* _BRIEF_: From the records below, output exactly the lines starting at the line with "and gas cook-top" and ending at the line with "Feature : Women", both of them included, but no pictures.

* _DATASET EXTRACT_:
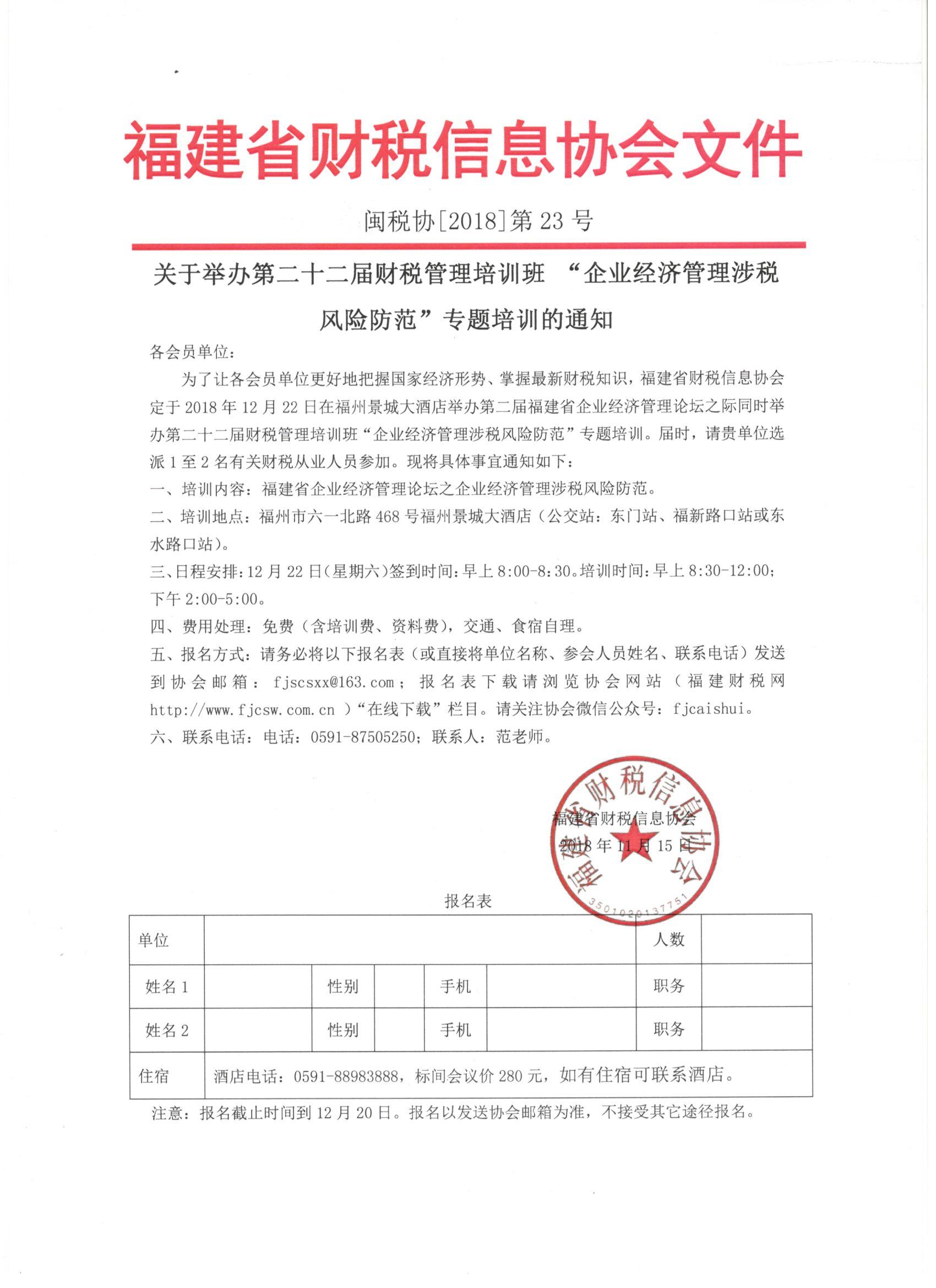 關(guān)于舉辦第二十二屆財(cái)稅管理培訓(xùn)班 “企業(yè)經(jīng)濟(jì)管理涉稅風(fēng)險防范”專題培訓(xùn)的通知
...
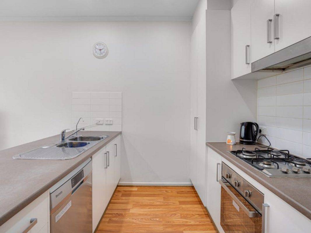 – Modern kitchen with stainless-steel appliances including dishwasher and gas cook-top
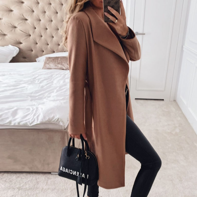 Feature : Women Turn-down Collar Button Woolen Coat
==
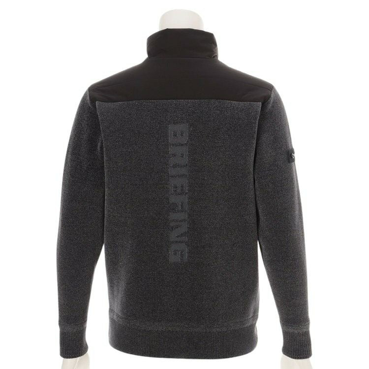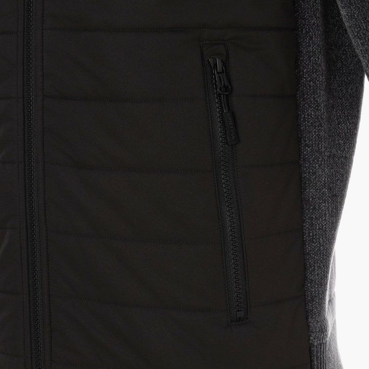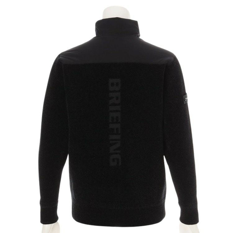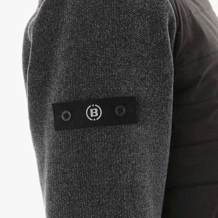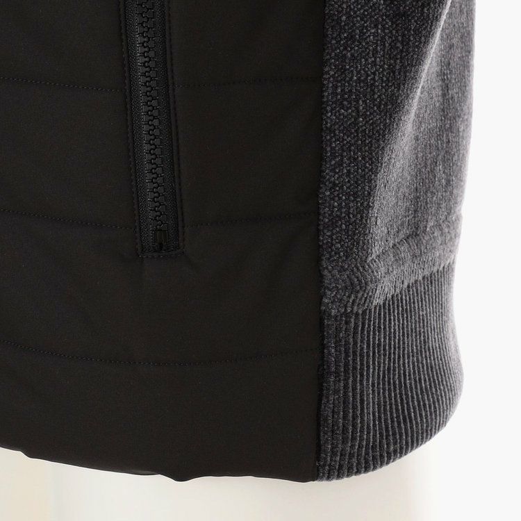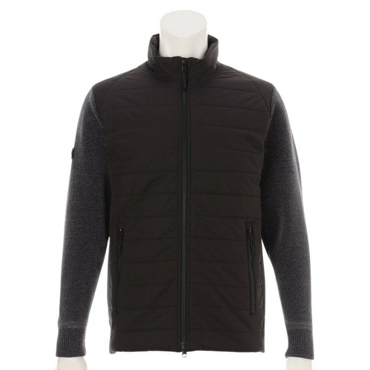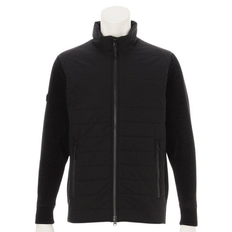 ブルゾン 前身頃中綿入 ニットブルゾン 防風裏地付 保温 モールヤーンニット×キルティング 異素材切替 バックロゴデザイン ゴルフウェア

* _TASK OUTPUT_:
 – Modern kitchen with stainless-steel appliances including dishwasher and gas cook-top
 Feature : Women Turn-down Collar Button Woolen Coat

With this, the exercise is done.